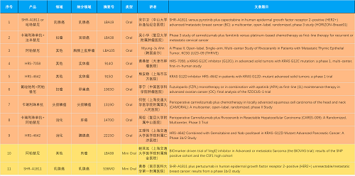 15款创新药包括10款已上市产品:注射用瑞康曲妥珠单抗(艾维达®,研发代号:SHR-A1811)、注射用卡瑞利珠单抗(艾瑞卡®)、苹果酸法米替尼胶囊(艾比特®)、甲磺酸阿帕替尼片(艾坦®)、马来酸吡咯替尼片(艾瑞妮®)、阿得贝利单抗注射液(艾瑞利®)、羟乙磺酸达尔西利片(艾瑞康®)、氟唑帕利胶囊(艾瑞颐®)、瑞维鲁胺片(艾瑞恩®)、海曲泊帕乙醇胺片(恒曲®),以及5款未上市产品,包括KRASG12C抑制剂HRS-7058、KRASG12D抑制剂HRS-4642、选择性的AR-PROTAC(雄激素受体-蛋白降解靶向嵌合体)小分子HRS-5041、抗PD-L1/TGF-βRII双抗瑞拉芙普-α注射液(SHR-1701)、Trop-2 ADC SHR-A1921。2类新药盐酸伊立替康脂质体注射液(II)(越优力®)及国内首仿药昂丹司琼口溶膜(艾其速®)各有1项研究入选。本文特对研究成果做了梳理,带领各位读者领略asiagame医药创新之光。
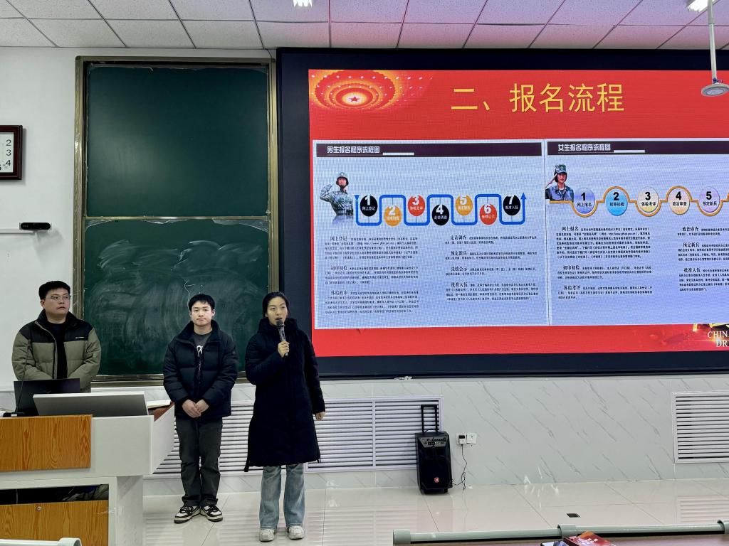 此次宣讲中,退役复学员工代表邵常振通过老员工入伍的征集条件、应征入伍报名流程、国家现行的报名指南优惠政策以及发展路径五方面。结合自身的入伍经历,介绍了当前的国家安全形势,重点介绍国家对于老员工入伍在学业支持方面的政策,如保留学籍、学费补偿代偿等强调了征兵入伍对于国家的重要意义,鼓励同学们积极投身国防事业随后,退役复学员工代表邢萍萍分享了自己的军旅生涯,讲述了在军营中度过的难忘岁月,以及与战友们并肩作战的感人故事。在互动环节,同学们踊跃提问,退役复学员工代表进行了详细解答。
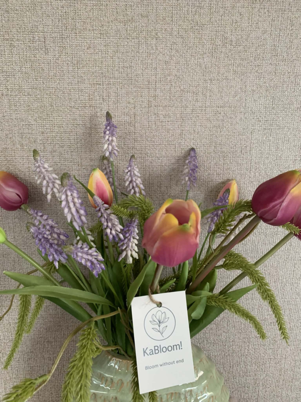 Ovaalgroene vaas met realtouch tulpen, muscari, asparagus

### ABOUT THIS EXERCISE
Go through the listing and restate each line word for word, leaving out the pictures.

### EXPECTED OUTPUT
 15款创新药包括10款已上市产品:注射用瑞康曲妥珠单抗(艾维达®,研发代号:SHR-A1811)、注射用卡瑞利珠单抗(艾瑞卡®)、苹果酸法米替尼胶囊(艾比特®)、甲磺酸阿帕替尼片(艾坦®)、马来酸吡咯替尼片(艾瑞妮®)、阿得贝利单抗注射液(艾瑞利®)、羟乙磺酸达尔西利片(艾瑞康®)、氟唑帕利胶囊(艾瑞颐®)、瑞维鲁胺片(艾瑞恩®)、海曲泊帕乙醇胺片(恒曲®),以及5款未上市产品,包括KRASG12C抑制剂HRS-7058、KRASG12D抑制剂HRS-4642、选择性的AR-PROTAC(雄激素受体-蛋白降解靶向嵌合体)小分子HRS-5041、抗PD-L1/TGF-βRII双抗瑞拉芙普-α注射液(SHR-1701)、Trop-2 ADC SHR-A1921。2类新药盐酸伊立替康脂质体注射液(II)(越优力®)及国内首仿药昂丹司琼口溶膜(艾其速®)各有1项研究入选。本文特对研究成果做了梳理,带领各位读者领略asiagame医药创新之光。
 此次宣讲中,退役复学员工代表邵常振通过老员工入伍的征集条件、应征入伍报名流程、国家现行的报名指南优惠政策以及发展路径五方面。结合自身的入伍经历,介绍了当前的国家安全形势,重点介绍国家对于老员工入伍在学业支持方面的政策,如保留学籍、学费补偿代偿等强调了征兵入伍对于国家的重要意义,鼓励同学们积极投身国防事业随后,退役复学员工代表邢萍萍分享了自己的军旅生涯,讲述了在军营中度过的难忘岁月,以及与战友们并肩作战的感人故事。在互动环节,同学们踊跃提问,退役复学员工代表进行了详细解答。
 Ovaalgroene vaas met realtouch tulpen, muscari, asparagus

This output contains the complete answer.